Viviamo un momento storico permeato da una crisi economica devastante.
L’Europa, lacerata nella prima metà del XX secolo dai conflitti bellici, si costituisce sulla
scorta degli ideali e sul lume dei suoi padri fondatori. Quella stessa Europa, oggi
scricchiola sotto i colpi delle agenzie di rating e si dimostra incapace di ridare slancio vitale
a quel progetto originale che sino ad oggi aveva garantito pace sociale e benessere
diffuso.
L’Italia è un Paese che vive da 20 anni un profondo smarrimento, sia economico che
culturale, un po' fisiologico dopo la scomparsa delle ideologie che avevano caratterizzato il
Novecento, e per buona parte dovuto all’incapacità di una classe dirigente, politica ma
anche
industriale,
che
ha
mostrato
grande
debolezza
e
irresponsabilità.
Drammaticamente, è stato evaso l’impegno verso quelle riforme strutturali di cui il Paese
necessitava e che avrebbero dovuto garantire una crescita
solidale, che guardasse
all’interesse collettivo e alla sostenibilità sia economica che ambientale.

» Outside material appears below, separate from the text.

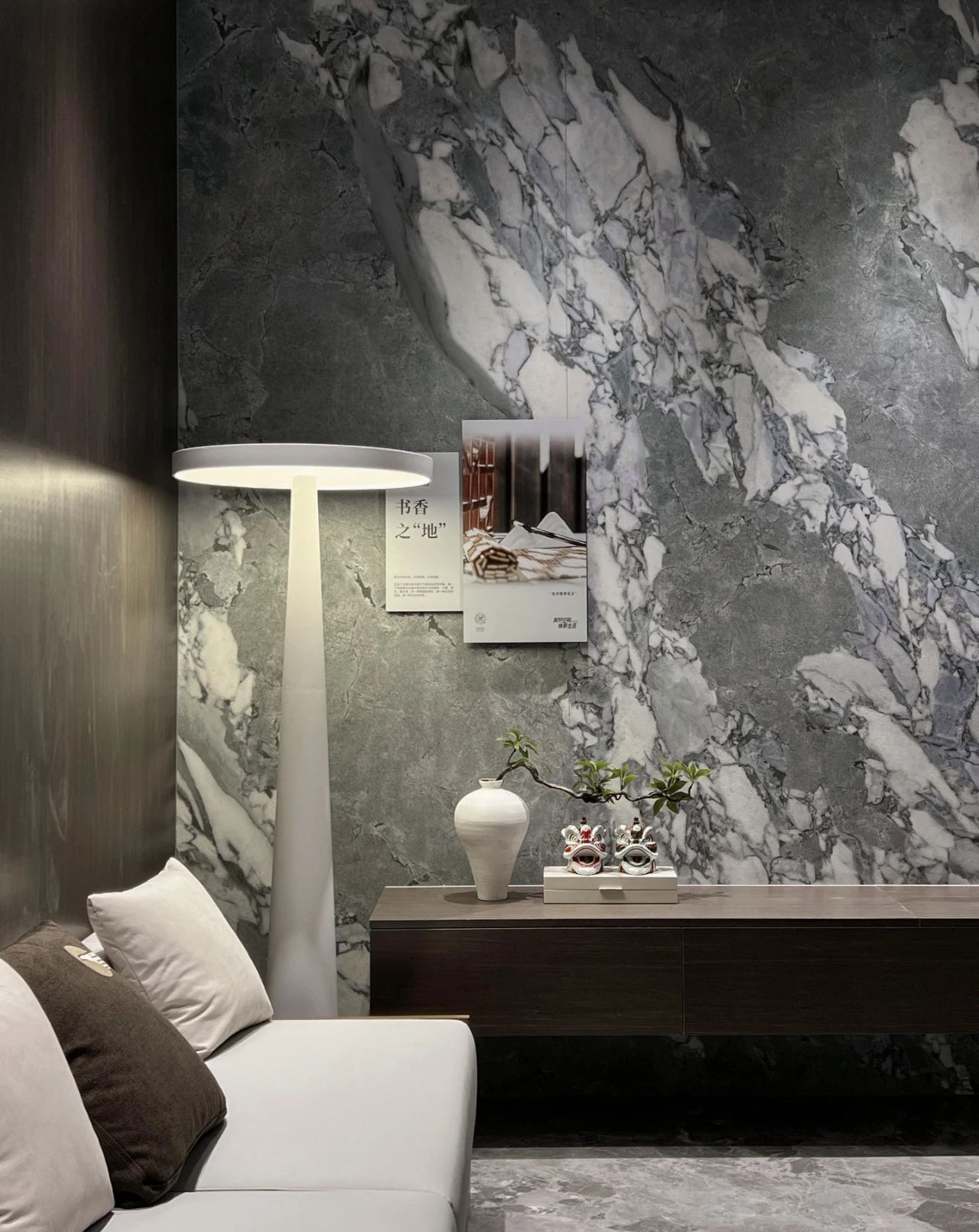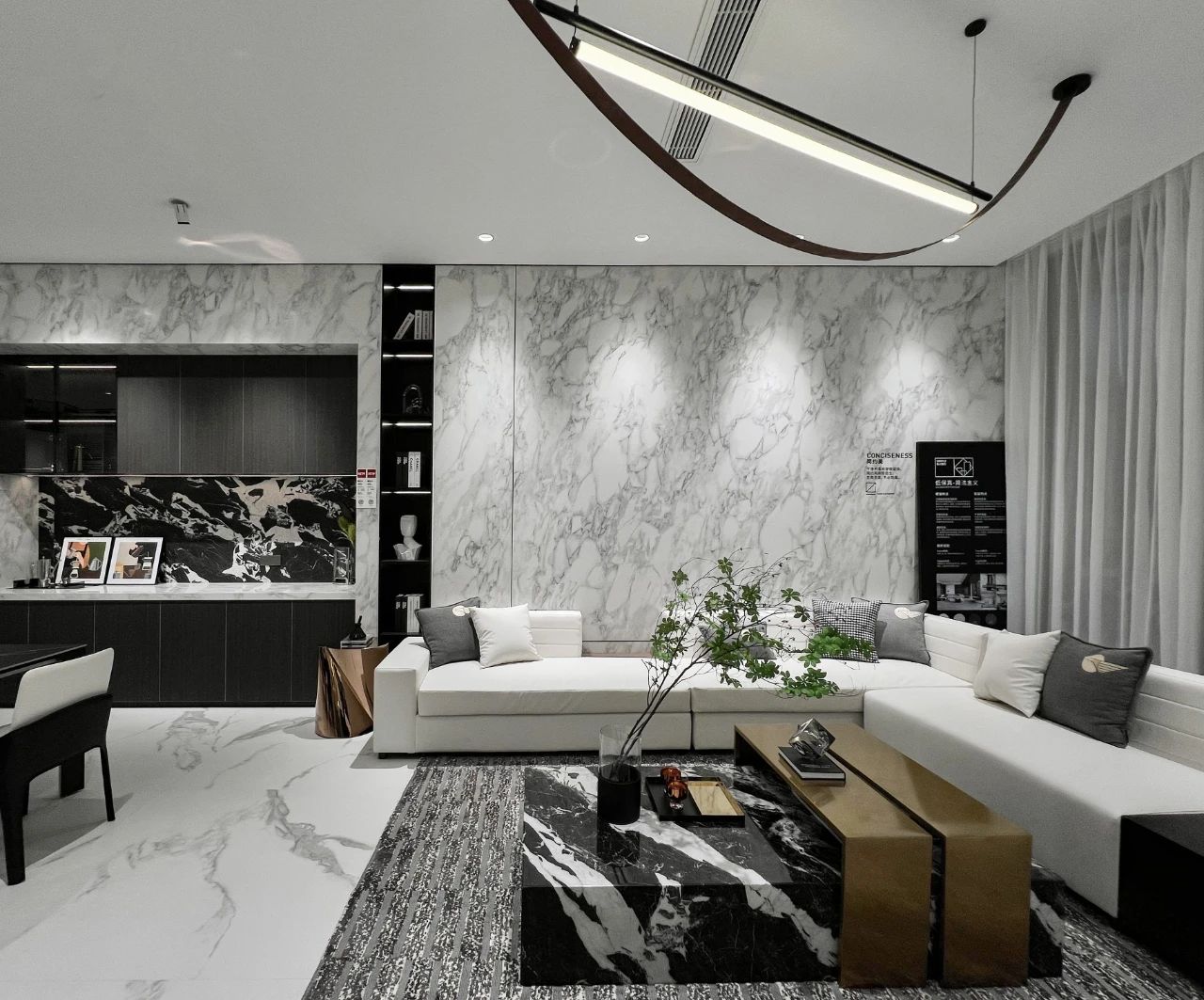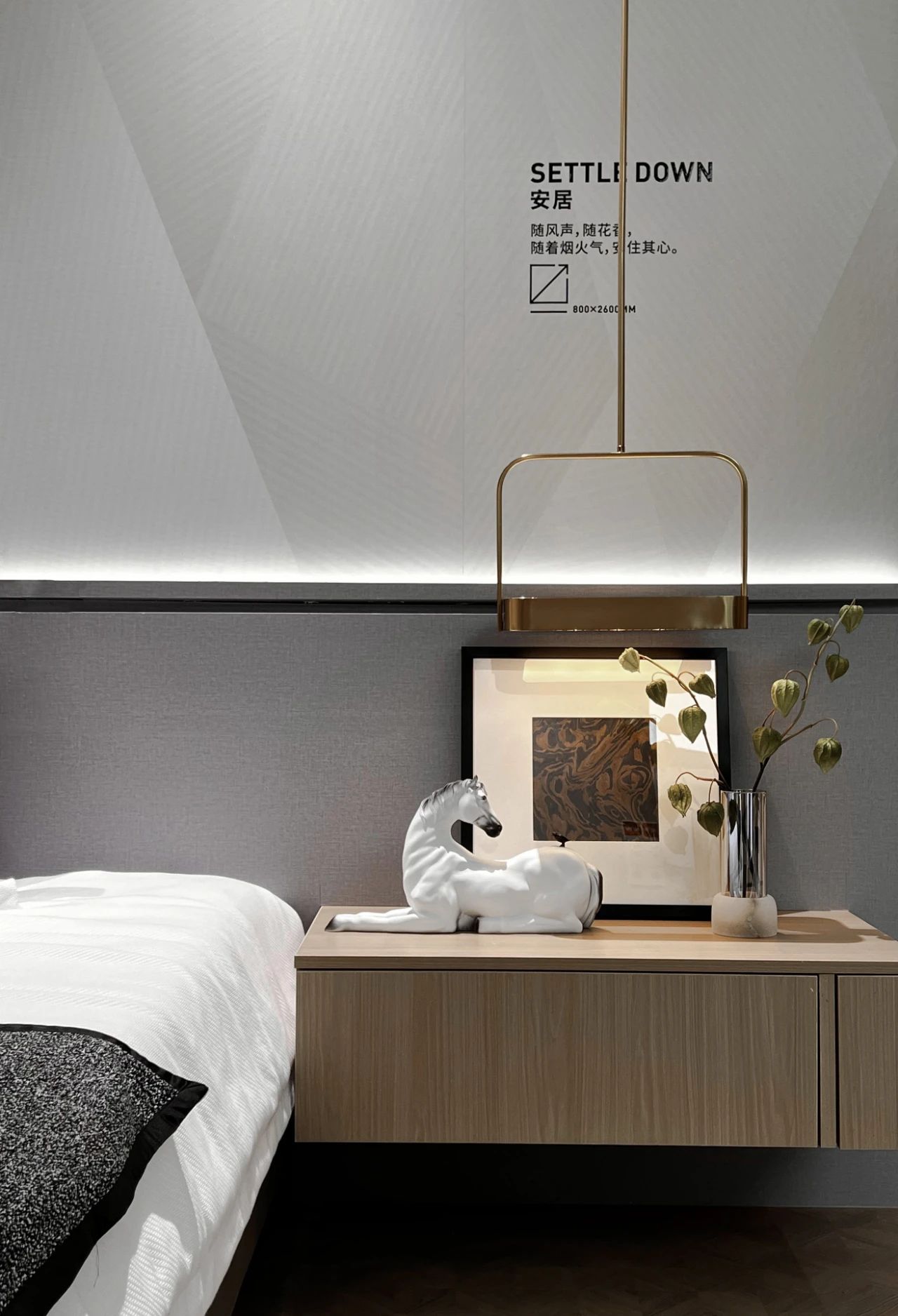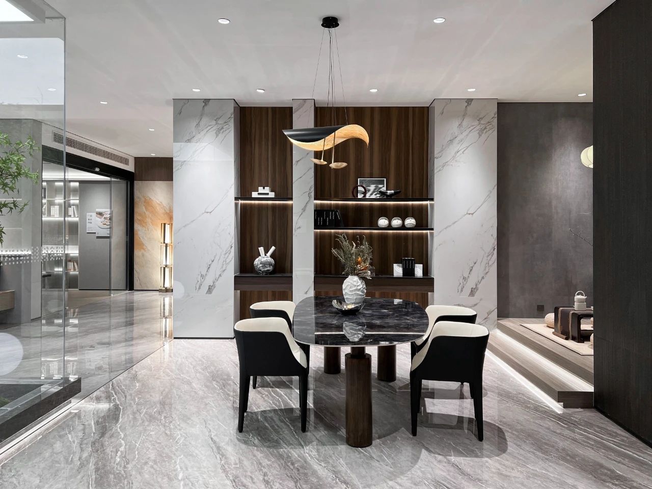項目地址 | 江蘇省連云港市海州區興隆裝飾城建材3號館連云港,黃海之濱的璀璨明珠,山海相依,云霧繚繞,訴說著千古風華。踏入店內,克制而精妙的設計巧思,賦予空間以純凈無瑕的美感。經由設計師之手,整個空間呈現出一種清朗而雅致的干凈氛圍。觀設計巧妙融合室內外空間,遵循自然法則,巧妙利用光影與建筑的互動,為空間注入靈動的生命力,石材、植被等天然的材質巧妙運用,渲染出空間自然美感而形成的獨特氣韻,素雅且閑靜、舒緩而柔和。在中國文化中,家是心靈的港灣,承載著放松與休憩的溫馨。木質家居增添濃郁暖意,柔和燈光烘托出家的溫馨氛圍,使中式設計的家具更顯典雅獨特。水吧設計采用沉穩色調,巧妙融合木紋與小牛皮,觸目所及皆為品質巖板,全方位打造巖質家居風情。黑白色調為主的客餐廚設計,通過穿插、疊加、碰撞,勾畫物體之間的比例關系,展現空間別樣生命力。將輕松舒適融入居家,盡享純粹生活之樂。當代青年對愜意棲居有著獨到追求:向往自由不羈的生活方式,秉持隨性自在的態度,并以簡約有力的語言展現。采用柔和且中性的材質與色調,著重強化空間的場域氛圍,讓產品和諧融入,共同營造出一個整體氣氛融洽的居家環境。空間與時間相互交織,各種材料以其獨特的感性物質參與了一場流暢婉轉的協奏。
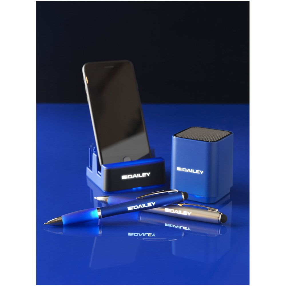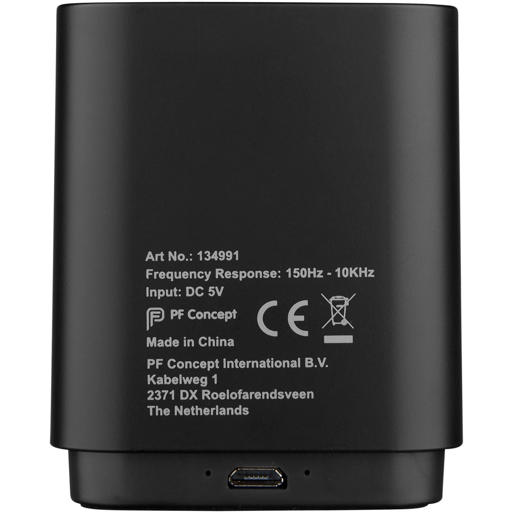 De Beam light-up Bluetooth®-speaker heeft een interne oplaadbare batterij die maximaal 1,5 uur non-stop muziek levert. Onder het voorste gedeelte van de speakerbehuizing bevindt zich een LED-paneel. Wanneer het voorste gedeelte is gedecoreerd met een laser, licht je logo op! Een micro USB-oplaadkabel is inbegrepen. Het Bluetooth®-bereik is 10 meter. De oplaadtijd is 2 uur.

Questo è il quadro in cui si è inserita una riforma universitaria, la Riforma Gelmini, che si
è poggiata su una rappresentazione caricaturale dell’università italiana. Descrivendo
l’Università pubblica
come malata e mediamente con un basso livello didattico e
scientifico, si è cercato di mascherare, con una inadeguata riforma di governance, l’effetto
di manovre finanziarie che hanno utilizzato le risorse della formazione per fare cassa.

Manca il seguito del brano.